Clinical examination is completed by observation of stance and gait. Observation of standing posture in the sagittal plane focuses on whether a plantigrade position of both feet can be maintained with the knees, hips, and trunk in a neutral position. If not, this might be indicative of structural equinus deformity of the forefoot (pes cavus) and/or the ankle (pes equinus). Observation of standing posture in the frontal plane should focus on the degree of varus deformity at the hindfoot and the impact thereof on stance width and varus load on more proximal joints, in particular the knees. To properly observe the gait pattern, the patient needs to walk along a trajectory of approximately 10 m with and without footwear and/or orthosis (10, 15). Ideally, a video system is available to evaluate the gait pattern offline and in slow motion to be able to focus on key characteristics, such as foot strike during initial contact, ankle rockers, knee stability during midstance, foot clearance in swing phase, step length and symmetry. Especially when surgical treatment options are considered, the gait pattern should be assessed more profoundly using 3-D instrumented gait analysis, including foot pressure measurements and surface electromyography, to quantify ankle and knee kinematics (e.g. ankle-foot roll off), kinetics (e.g. dynamics of ground reaction forces and foot pressure distribution), and compensatory (prolonged) muscle activation (e.g. of the knee extensors).

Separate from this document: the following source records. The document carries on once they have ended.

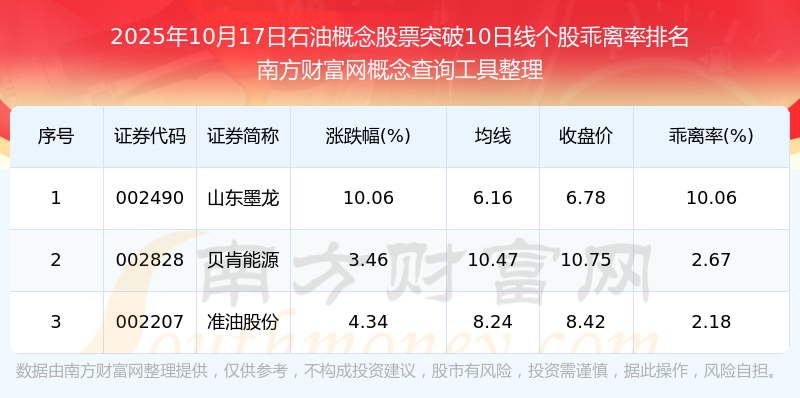 根据南方财富网概念查询工具数据统计,截止2025年10月17日收盘,石油概念股票共有3只个股收盘价向上突破了10日线。其中乖离率较大的个股有山东墨龙、贝肯能源、准油股份等,乖离率分别为10.06%、2.67%、2.18%。
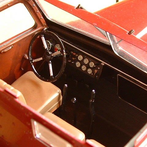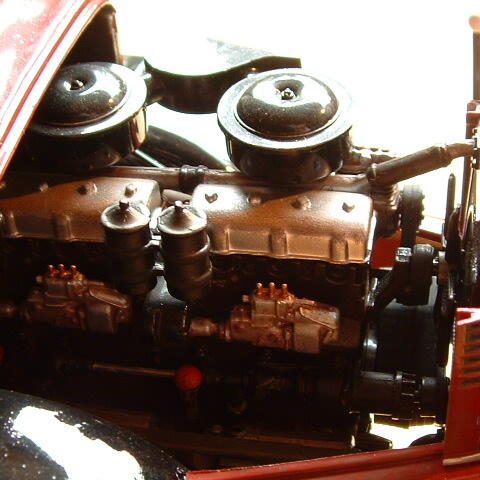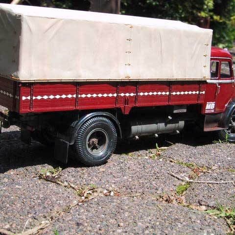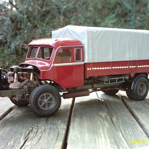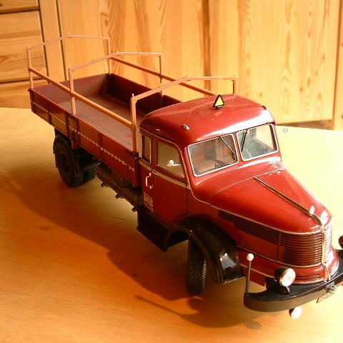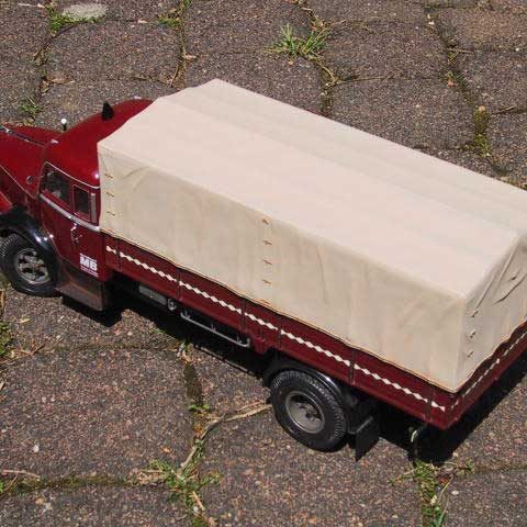 Als nächstes wurde die Pritsche zusammengebaut die dank ihrer hervorragenden Passgenauigkeit fast schon ohne Klebstoff auskommen würde. Nach dem Lackieren wurde auch hier gealtert, um eine Oberfläche zu erreichen die an lackiertes Holz erinnern sollte. Außerdem wollte ich durch einen anderen Glanzgrad erreichen, das sich die Oberfläche von der des Führerhaues deutlich unterscheidet. Es sieht zwar nicht so ganz aus wie ich es mir vorgestellt habe, aber ich war und bin trotzdem zufrieden und so kam als nächstes die Inneneinrichtung des Fahrerhauses dran, die nach ihrer Fertigstellung ebenfalls noch leicht gealtert wurde. Das mehrteilige Fahrerhaus habe ich um die Inneneinrichtung herum verklebt und schließlich dunkelrot lackiert. Die Kotflügel und die verspachtelte Stoßstange bekamen einen schwarzen Farbüberzug. Kniffelig wurde es noch mal als die Kotflügel an Schnauze und Fahrerhaus geklebt werden sollten, da die lackierten Teile ohne Befestigungszapfen aufeinander verklebt werden mussten. Aber auch das war schließlich geschafft und mit Farbpigmentstaub wurde an verschiedenen Stellen Verschmutzungen und Rostspuren aufgetragen. Die umlaufenden Chromleisten wollte ich eigentlich mit Bare Metal Foil darstellen. Die die ich zur Verfügung hatte, war allerdings nicht anschmiegsam genug und so griff ich hierfür schließlich auf einen silbernen Lackstift zurück. Schließlich wurde noch die verspachtelte Plane Beige lackiert, schattiert und Ösen und Schnüre farblich abgesetzt.
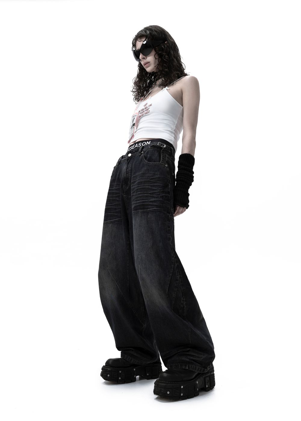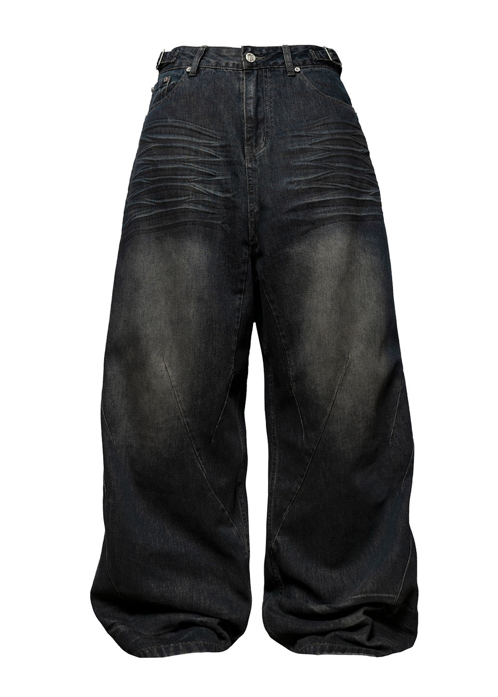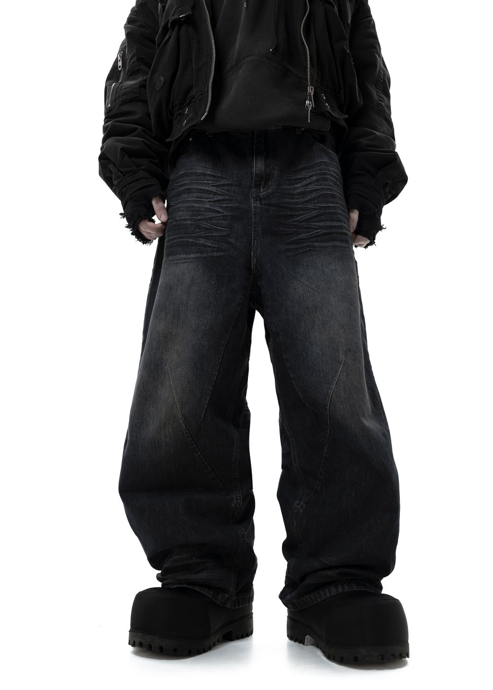 Oversized baggy fit. The jeans feature several decorative geometric seams on the lower front part and more pronounced, raised seams on the back. Adjustable waist. Large logo embroidery on the back pocket.
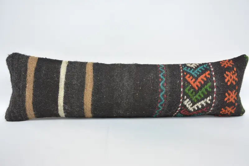 Embroidered Brown & Orange Throw Pillow, Handmade Floral Rectangle Pillow
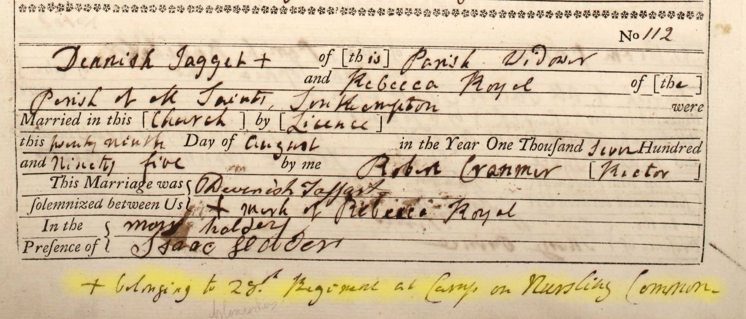 N.B. The Baptism of Richard King was omitted, the Service having been performed privately and the Clerk not present, so that it was not in the Minutes which the Rector copied and entered in the Register, but it was afterwards inserted by the Curate.
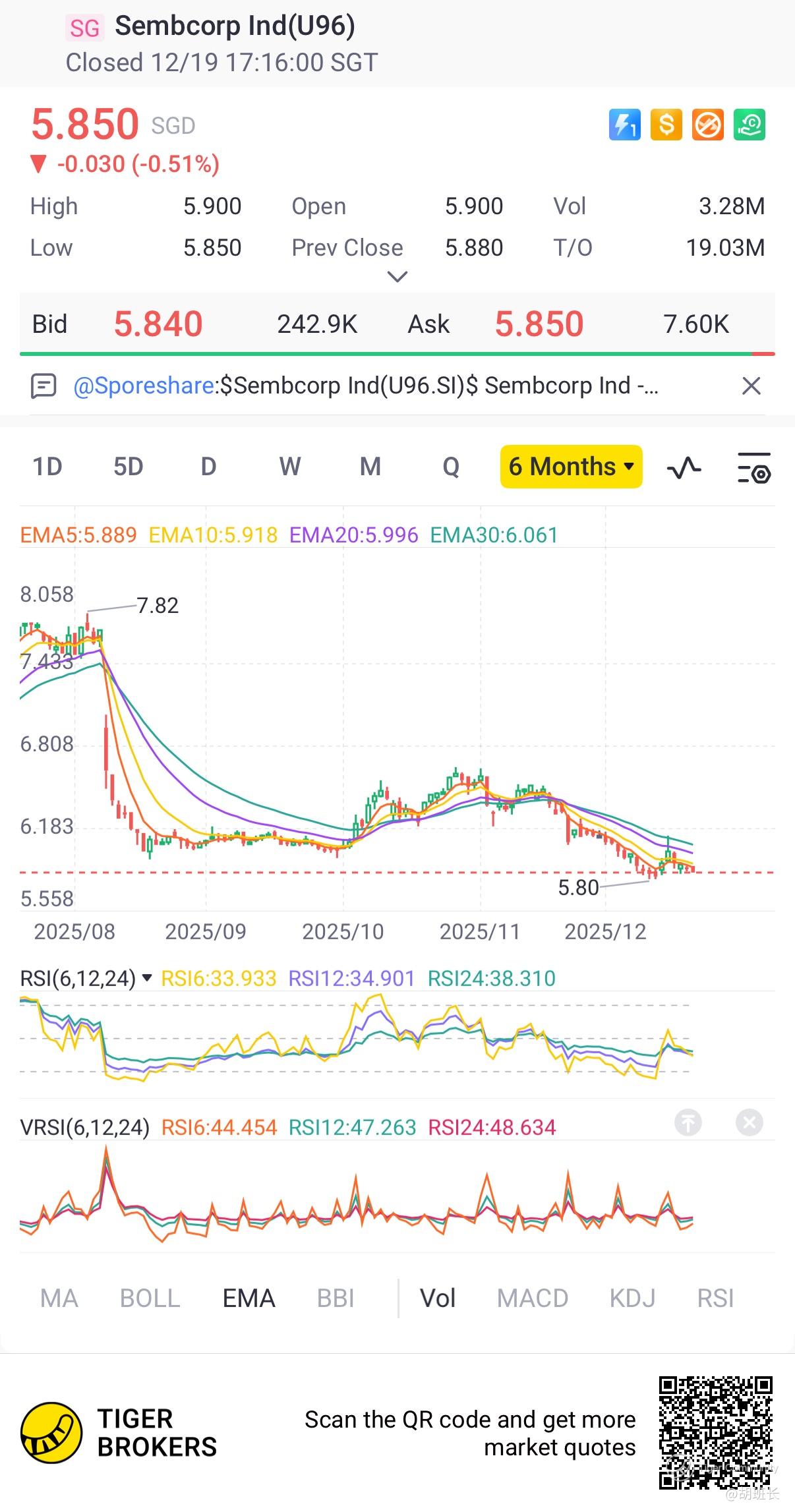 $Sembcorp Ind(U96.SI)$  near 6-month low
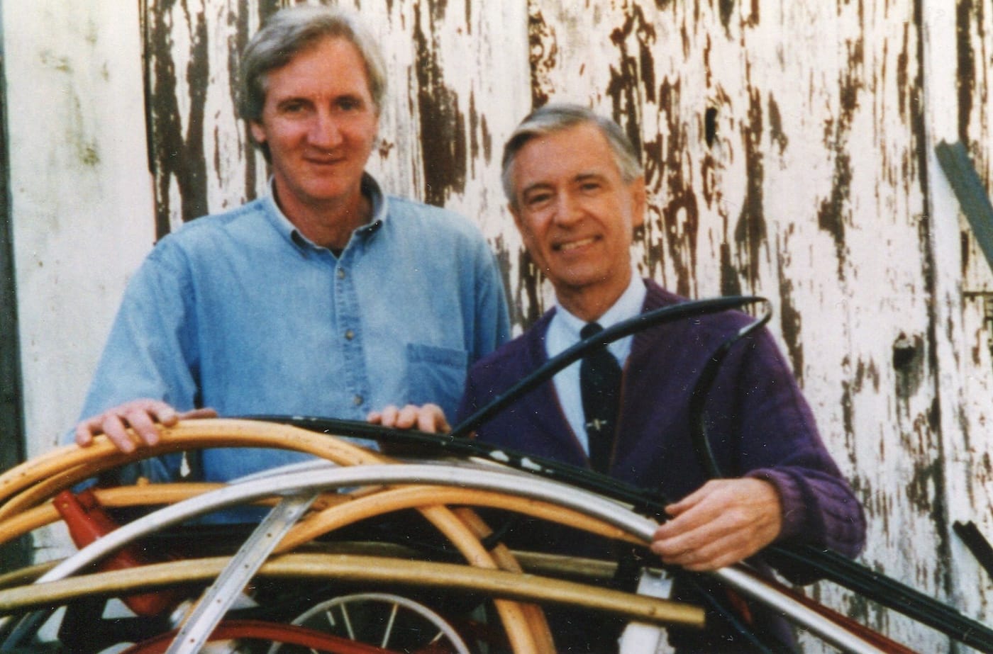 The soft-spoken star of Mister Rogers’ Neighborhood was taping a segment for his program on a farm not far from where we live outside Baltimore. The episode featured the found-object sculptures of Leonard Streckfus, whose artwork is equally appealing to children and adults. Leonard and one of my closest friends, Stuart Abarbanel, both have studios on the property where the film crew was set up. Remembering the important role his guest played in Adam’s childhood, Stuart invited us to observe the taping.

Clincal management of gait impairments

After proper assessment of the impairments that impact on the individual gait deviations, clinical management should focus on treating, or compensating for, these impairments. To this end, a hierarchical approach to the management of gait deviations in people with CMT is proposed, starting with the treatment of ankle-foot deformities, followed by provision of support to weakened muscles, and ending by addressing compensation strategies for somatosensory impairments (see Fig. 2). Adequate treatment of ankle-foot deformities is considered key, given their profound influence on postural and gait control in addition to their effect on pain and dependence on adapted footwear. As shown in Table I, scientific evidence for both surgical and conservative interventions is sparse due to the lack of controlled studies. Nevertheless, clinical experience with both surgical and conservative treatment options is extensive and generally positive, if performed by a dedicated and experienced multidisciplinary team.

Click to show fullsize

Fig. 2. Stepwise treatment algorithm for gait impairments in people with Charcot-Marie-Tooth disease.

Ankle-foot deformities

When varus deformity of the hindfoot during loading is primarily caused by a rigid deepened first ray or midfoot (pes cavus), in the presence of a flexible hindfoot, both conservative and surgical treatment options are possible. The best treatment option for an individual patient should be selected based on the principles of shared decision-making, taking personal goals and relevant activities into account. For example, surgical interventions are preferable when a patient aims to improve barefoot walking or wants to wear regular footwear, whereas conservative treatment options usually suffice as long as a patient is satisfied with orthopaedic footwear. The provision of (“low”) orthopaedic footwear should aim to bring the hindfoot into a neutral position, primarily by providing space to accommodate for the rigid deep ened first metatarsal (16). In addition, a stiffened heel fitting may be needed to maintain the hindfoot in the neutral position. Surgical interventions have a similar aim of restoring the alignment of the forefoot in order to allow the hindfoot to keep a neutral position when the foot is loaded (17). Surgical treatment primarily involves upheaving of the first ray by a dorsiflexion osteotomy of the first metatarsal. In the presence of a prominent midfoot cavus deformity, this can be combined with a midtarsal dorsiflexion osteotomy (18). A lateral displace ment osteotomy of the calcaneus can be added when dorsiflexion osteotomy is insufficient to fully correct the varus tilt of the hindoot during loading.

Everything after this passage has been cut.